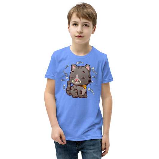 Cute Baby Cat Eating Fish Bone T-Shirt, No. 0138
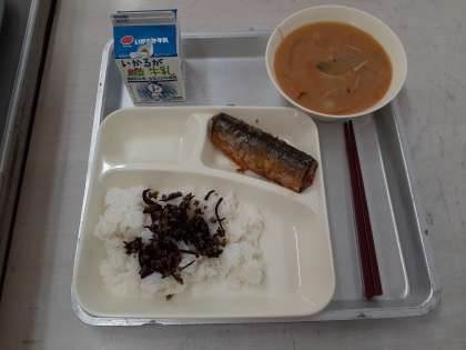 10月2日(金)の給食は、ごはん・牛乳・さんまのみぞれかけ・みそ汁・牛ひじきそぼろです。サンマには、体をつくるたんぱく質や体の調子を整えるビタミンB2が多く含まれています。脂質には、脳の働きを助ける成分や、血管の病気を予防する成分などが含まれています。
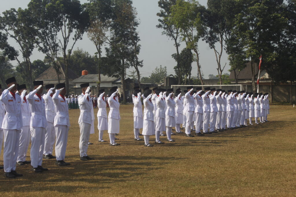 Paskibra MA Ar Rosyaad pada Upacara HUT RI ke-80 di Lapangan Ringinrejo
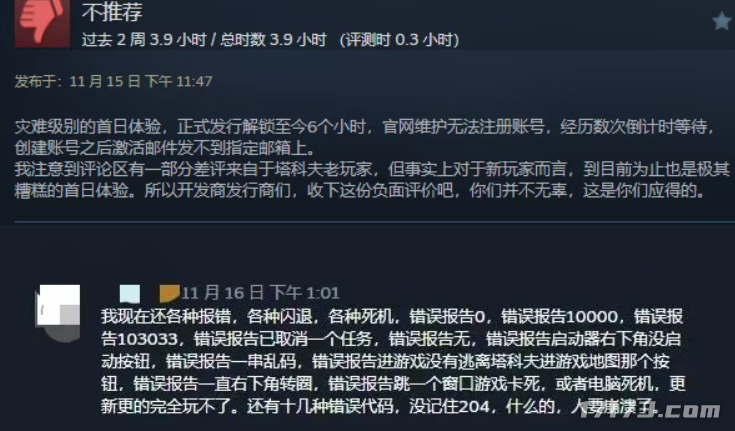 这场灾难性的首发,迅速反映在玩家评价上。

--

▸ Task statement
Repeat every line above exactly, but omit all images.

▸ Task result
 Cute Baby Cat Eating Fish Bone T-Shirt, No. 0138
 10月2日(金)の給食は、ごはん・牛乳・さんまのみぞれかけ・みそ汁・牛ひじきそぼろです。サンマには、体をつくるたんぱく質や体の調子を整えるビタミンB2が多く含まれています。脂質には、脳の働きを助ける成分や、血管の病気を予防する成分などが含まれています。
 Paskibra MA Ar Rosyaad pada Upacara HUT RI ke-80 di Lapangan Ringinrejo
 这场灾难性的首发,迅速反映在玩家评价上。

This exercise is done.